Rheinmetall to convert German factories to make defence equipment

By Christoph Steitz and Matthias Inverardi

FRANKFURT/DUESSELDORF (Reuters) -Rheinmetall, Europe’s top ammunition maker, intends to repurpose two of its automotive plants in Germany to mostly make defence equipment, highlighting the impact of an expected surge in spending in the region amid U.S. tensions over the Ukraine war.

Europe’s political leaders, sidelined in U.S.-Russia talks over Ukraine, came together at last week’s Munich Security Conference that served as a wake-up call for the EU to come up with its own sustainable defence plan.

Rheinmetall’s defence expansion affects its factories in Berlin and Neuss, where the company currently makes automotive parts, a business that has faced challenges as Germany’s carmakers battle high costs and competition from abroad.

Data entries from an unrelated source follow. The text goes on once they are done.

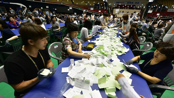 6·13지방선거 제주시 지역 개표 작업이 13일 오후 6시 25분쯤 제주시 한라체육관에서 이뤄지고 있는 가운데 다양한 종류의 무효표가 속출해 씁쓸한 웃음을 자아냈다.  제주도지사 선거 후보 5명 모두에게 투표한 용지가 있는가 …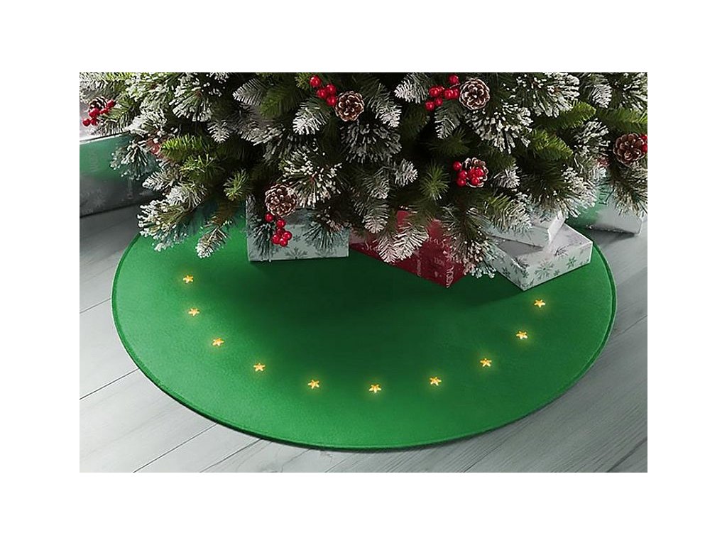 Vánoční koberec pod stromek MagicHome zelený s hvězdami, 22xLED, teplá bílá, časovač, 2xAA, 90cm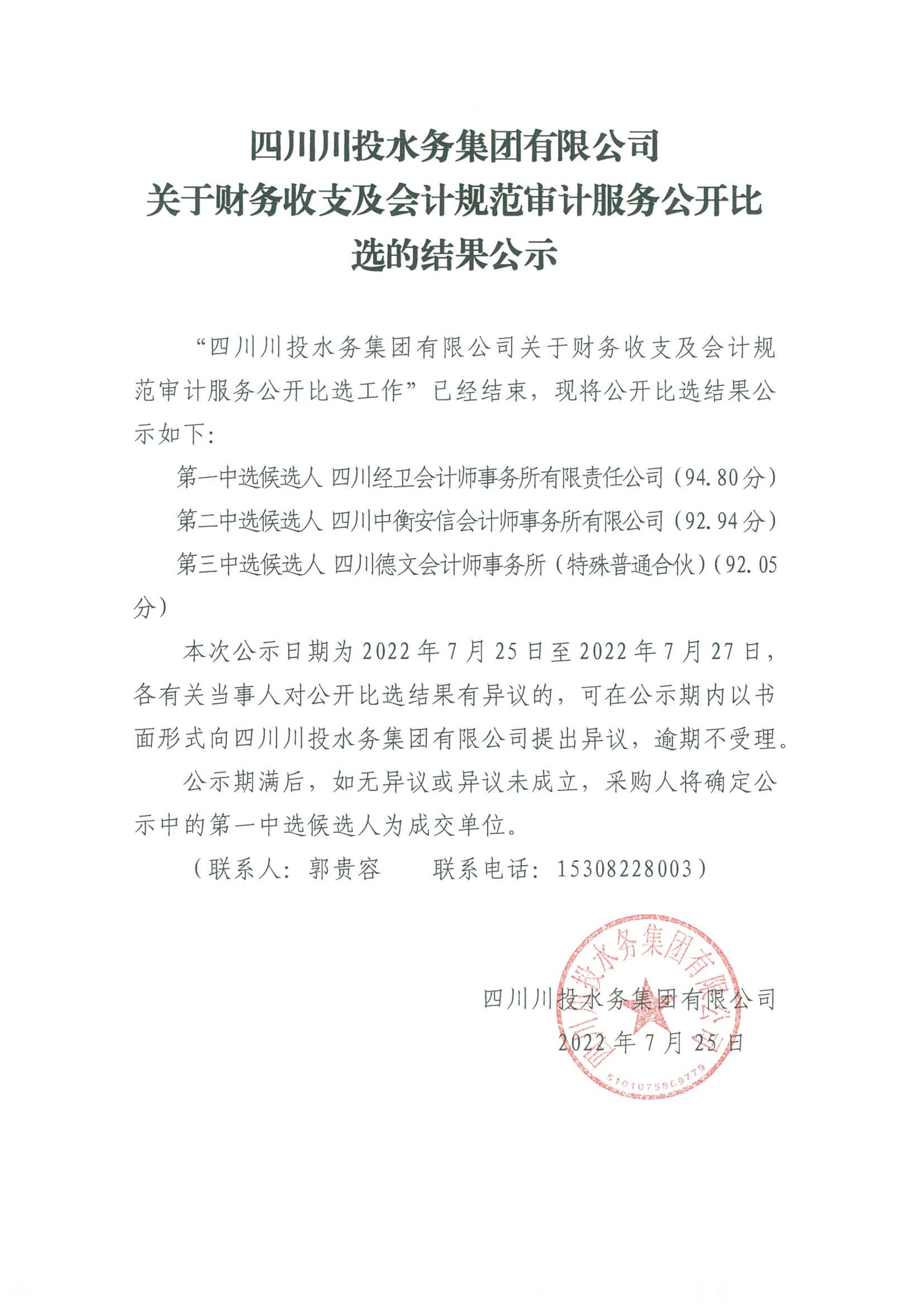 上一條:四川川投水務(wù)集團(tuán)有限公司關(guān)于選聘財務(wù)收支及會計規(guī)范審計服務(wù)中介機(jī)構(gòu)的公告(第二次)

Under the plans, which still need to be finalised, both factories would become part of Rheinmetall’s Weapon and Ammunition division and serve as so-called hybrid plants, ensuring some automotive production can still take place.

“Above all, the plants will benefit from the industrial strength that the Rheinmetall Group has as a major military equipment supplier, as well as from the high demand from customers in Germany and worldwide,” the group told Reuters in e-mailed comments.

The company said no final decisions had been made regarding the new structure. It also said no explosives would be processed at the sites but they would produce protection and mechanical components for military use.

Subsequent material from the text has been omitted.